The chancellor’s spring statement

Reacting to the chancellor’s spring statement Dr Doug Parr, policy director at Greenpeace UK said:

Right now millions of people are paying through the nose to heat homes which are so poorly insulated the warmth shoots right outside. Cutting VAT on insulation, solar panels and heat pumps is a welcome start to ending that huge waste of energy, helping keep bills down and cut our gas use. But if the chancellor’s serious about tackling the issue then it can only be the start. We need to see around £10bn of support, part raised by a windfall tax on oil and gas companies, for delivering the help families need to install the clean technologies that will get us off gas. That should include finally fulfilling the full Conservatives manifesto pledge of £9.2bn towards energy efficiency, with more support grants available and greater backing to help the industry train up and deploy the tens of thousands of jobs this area offers.

Commenting on the cut to fuel duty:

As expected the chancellor has reached for the lever marked ‘fuel duty’ and hopes for an impact on the cost of living crisis.

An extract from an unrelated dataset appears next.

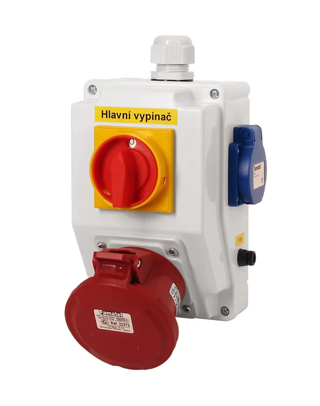 Omezená Nabídka FAMATEL sb215 Zás. krabice s hl. vypínačem 0-1 SB215 IP44 1x230V/16A, 1x400V/32A/5
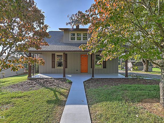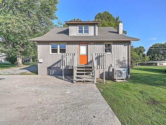 Renovated, Rustic-style Bungalow with MASSIVE Detached Garage in the Indian Springs area of Kingsport, TN. Sits on a large, level and usable 0.7 ACRE LOT off Old Stage Rd. Tons of Curb appeal with the Rustic inspired Cedar siding, front door and covered front porch with concrete walkway. Plenty of parking, concrete parking pad, matching Outbuilding/Shed and an Oversized 28ft. x 30ft. Detached Garage with electricity and plumbed for an Utility sink, offering TONS of opportunity for Storage, Workshop, Etc. Inside, you'll love the cohesive style throughout! Formal living room upon entering that flows into the ''Den'' or Dining room with brick fireplace and Open Kitchen with wood cabinets, granite counters, shiplap backsplash and matching Stainless Steel appliances. One bedroom on the main level with double closets, along with full bathroom with bath/shower combo and spacious Utility/Laundry room that leads to the sweet back deck. Upstairs, you'll find 2 additional Bedrooms, 2nd Bathroom with stand up shower and a ''flex'' space that could serve as a 4th bedroom, Office, playroom or whatever your family needs it for! All bedrooms have an oversized closet too! Plus a small unfinished basement area for additional storage. Multiple updates throughout including New Roof, New HVAC, replacement windows and more!

The seriousness of the moment needs bigger thinking.

A fuel duty cut gives more money back to the driver of an expensive gas-guzzling SUV than the average punter. It doesn’t provide much help at all to the poorest fifth of the population, over half of whom don’t even have a car. At a time when the UK needs to slash oil from all sources for security purposes, the chancellor should only cut fuel duty if he can make an equivalent cut to the costs of public transport which offers real support for those facing this cost of living crisis.